Your assignment
Please copy the data exactly as it stands, minus the images.

Source material

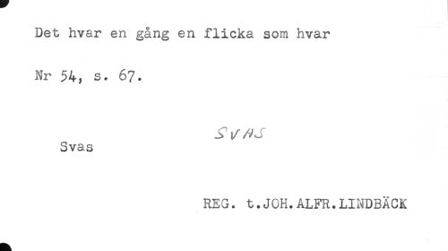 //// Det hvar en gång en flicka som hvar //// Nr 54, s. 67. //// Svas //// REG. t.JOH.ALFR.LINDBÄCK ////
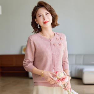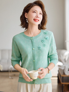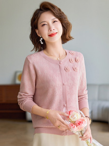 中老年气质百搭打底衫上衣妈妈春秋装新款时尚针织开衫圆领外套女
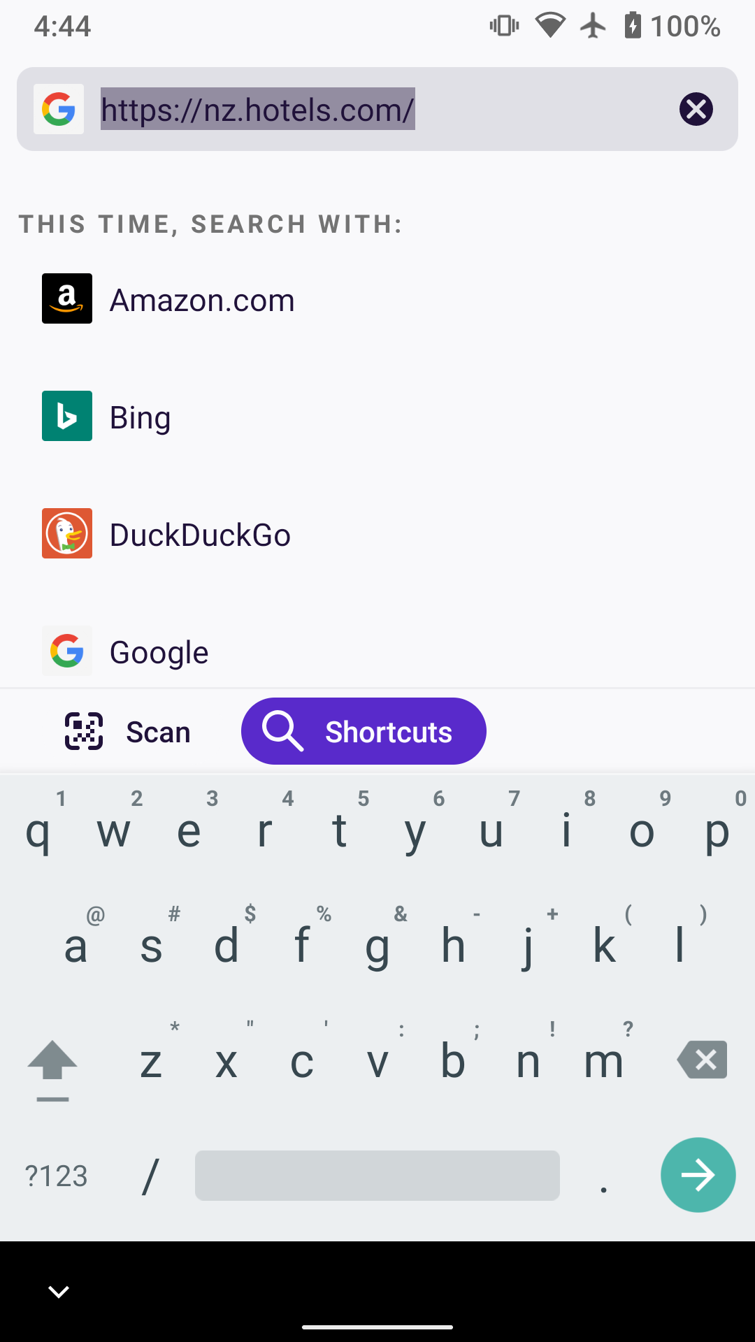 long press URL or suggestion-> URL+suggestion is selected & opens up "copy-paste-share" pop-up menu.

Response area
 //// Det hvar en gång en flicka som hvar //// Nr 54, s. 67. //// Svas //// REG. t.JOH.ALFR.LINDBÄCK ////
 中老年气质百搭打底衫上衣妈妈春秋装新款时尚针织开衫圆领外套女
 long press URL or suggestion-> URL+suggestion is selected & opens up "copy-paste-share" pop-up menu.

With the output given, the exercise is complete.